Let’s begin, though, with some definitions. Big data generally refers to the ability to capture more measures at an individual employee level than ever before and, once captured, store them in a data base easy to manipulate for analysis. Think of data on employee engagement scores, ratings, individual development plans, past and current assignments, projects, supervisors, referrals, past employment, participation in company clubs and activities, use of benefits, number of sick days, number of vacation days taken, etc. — all accessible by employee name.

The analytics part is the application of statistical techniques to tease out relationships between these measures which may have been expected or, in some cases, totally unexpected. You can see the potential of putting big data together with analytics. For example, you might discover that leading indicators for regrettable turnover are high use of sick days, lack of involvement in company activities or lack of opportunities to participate in projects. With this knowledge, you could identify those at risk and intervene early to keep them from leaving.

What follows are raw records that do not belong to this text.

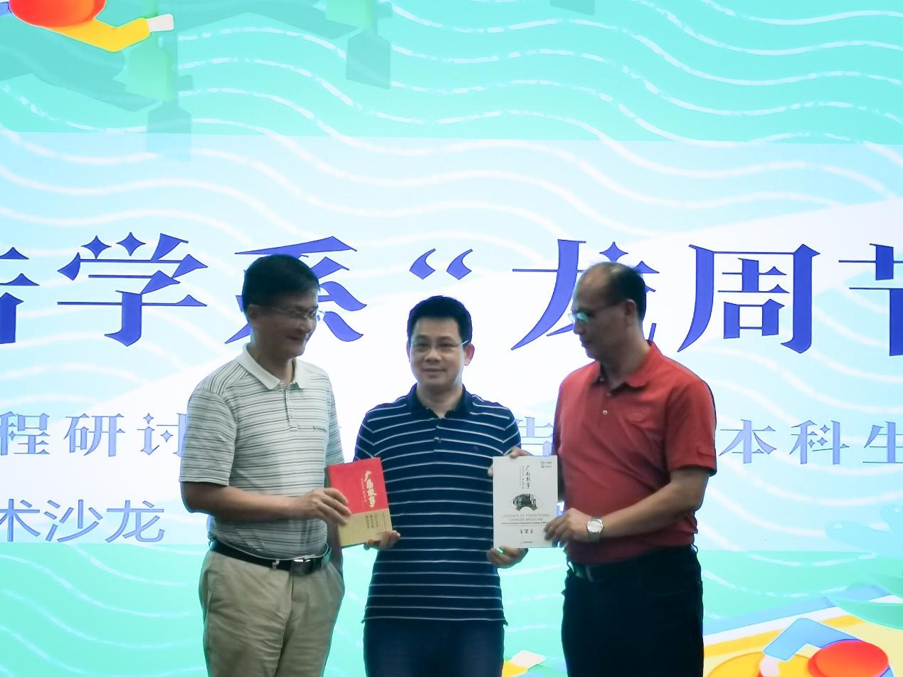 最后,广州医药海马品牌整合传播公司董事长丘剑华向太阳成集团tyc234cc广告系赠送《广药故事》中英文版,并与太阳成集团tyc234cc副经理洪杰文教授、广告学系主任程明教授一同合影。
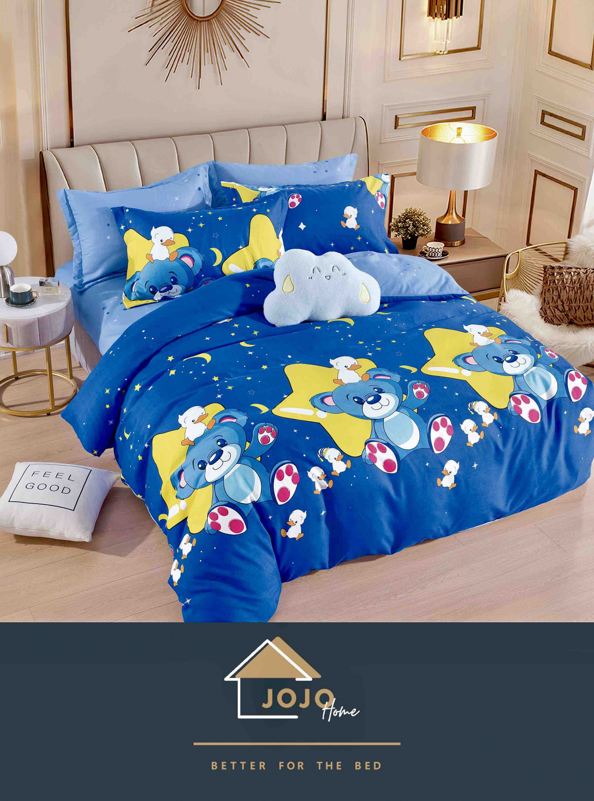 Transformă dormitorul celui mic într-un colț de poveste cu această lenjerie de pat Jojo Home, cu imprimeu vesel cu ursuleț albastru și steluțe galbene. Ideală pentru copii sau bebeluși, această lenjerie creează o atmosferă caldă și relaxantă, perfectă pentru un somn liniștit și vise dulci. 🌙💫
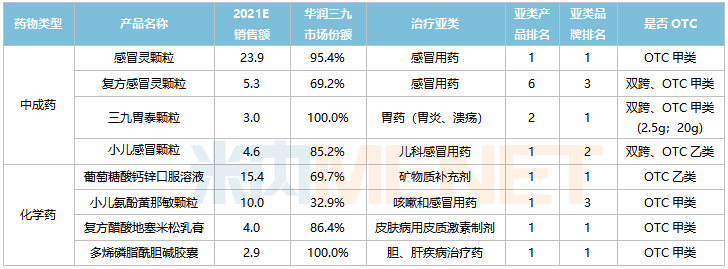 米内网数据显示,在2021E中国城市实体药店终端,预计华润三九有多个OTC品种在同类中处于领先地位,包括感冒中成药感冒灵颗粒、胃药中成药三九胃泰颗粒、矿物质补充剂葡萄糖酸钙锌口服溶液等。
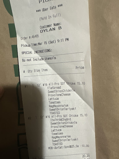 Previous review: I placed a pickup order with extra onions and bell peppers. Didn't recieve extra. Ordered the chicken bacon ranch and for the first time it was very soggy on the meat side as soon as I began eating it which was before the time my mobile order was supposed to be ready by. Also it wasn't cut through one side of the bun so I had to tear it apart which caused some toppings to fall out. I noticed this location is the stingiest...
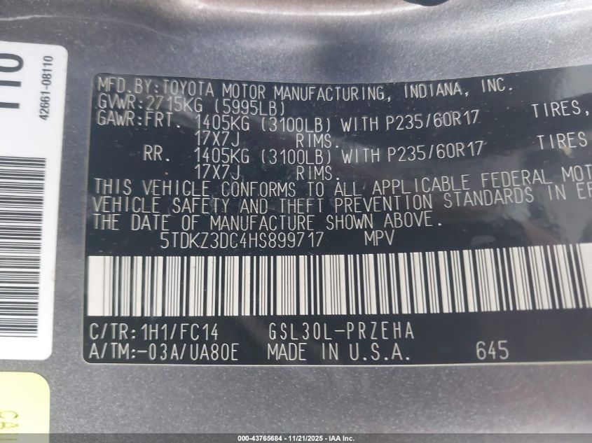 2017 TOYOTA SIENNA 2017 року Бензин, 3.5, Передний привод, vin - 5TDKZ3DC4HS899717 из США
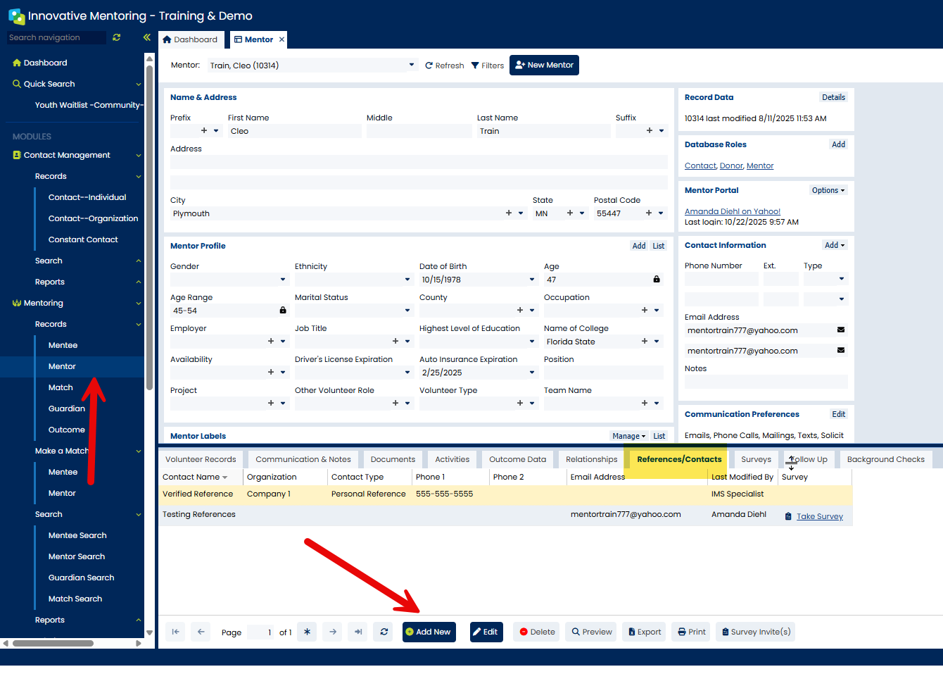 You will be able to select the Reference Check Survey and attach to a volunteer record.
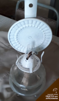 Este lampião é muito antigo de 1955, traz lembranças de infância, quando criança nos tempos de escola, usava para iluminar as horas que passava fazendo atividades. Colocava querosene na parte inferior e na superior tinha um vidro protetor quando ascendia o estopim, o vidro servia de proteção para que o vento não apagasse a luz, ou perigo de cair e pegar fogo na casa ou no cabelo por ficar próximo do cabelo para enxergar bem as atividades. Uso esta peça hoje para decorar a casa, e recordar de momentos que vivi numa época que nem existia energia elétrica. .(Atividades realizadas no projeto "Resgate de memórias em tempos de pandemia" proposto pela professora de artes visuais "EDNA RODRIGUES" com alunas do "Departamento de cultura de Herval d'Oest).
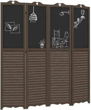 4-Panel Folding Room Divider with Blackboard, 5.5 Ft Tall Freestanding Privacy Screen Panels for Bedroom or Office, Walnut Brown
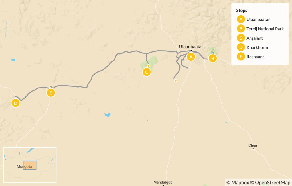 Map of Best of Mongolia’s Natural Landscapes & Rich Culture – 7 Days
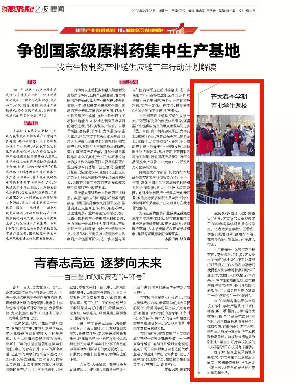 【齐齐哈尔日报】sunbet申搏官方网站春季学期首批学生返校

Learning leaders could use big data to show that application and impact are lower for employees with poor supervisors who don’t reinforce learning. We already know this. But can you imagine using big data to show the importance of identifying the right target audience?

While big data is not being used much in learning today, we have been using “little data” quite effectively for some time. We routinely measure number of participants, courses, hours, costs, completion dates, participant reaction and amount learned. We measure application rates but not nearly as often as we should. Typically we do not put by-name employee measures in a database, which also has information about the supervisor, employee engagement scores and other potentially interesting measures so we end up with “little data” instead of “big data.”

We’ve also been using analytics for some time. We’ve used the intended application rate as a leading indicator of actual application for years. We also use the other “smart” questions from the post event survey as leading indicators for application and impact. Patti and Jack Phillips have helped many organizations use regression analysis to isolate the impact of learning from other factors. This effort has matured lately with the advent of organizations like Vestrics which uses general equilibrium modeling — sets of regression equations estimated simultaneously — to isolate the impact of all factors with a high degree of statistical certainty.

So, analytics, including high-level analytics, does have a place in L&D. We have not made extensive use of analytics, but we have used leading indicators for years, and some are using regression to isolate the impact of learning. The lack of application to L&D currently reflects our relative maturity. We have a better understanding of the basic relationships among measures than our colleagues in talent acquisition or total rewards because we have been measuring longer, thus there is not as compelling a case to try to discover new relationships. That said, there are opportunities especially in terms of isolating the impact of learning and demonstrating to nonbelievers the power of strong sponsorship and reinforcement.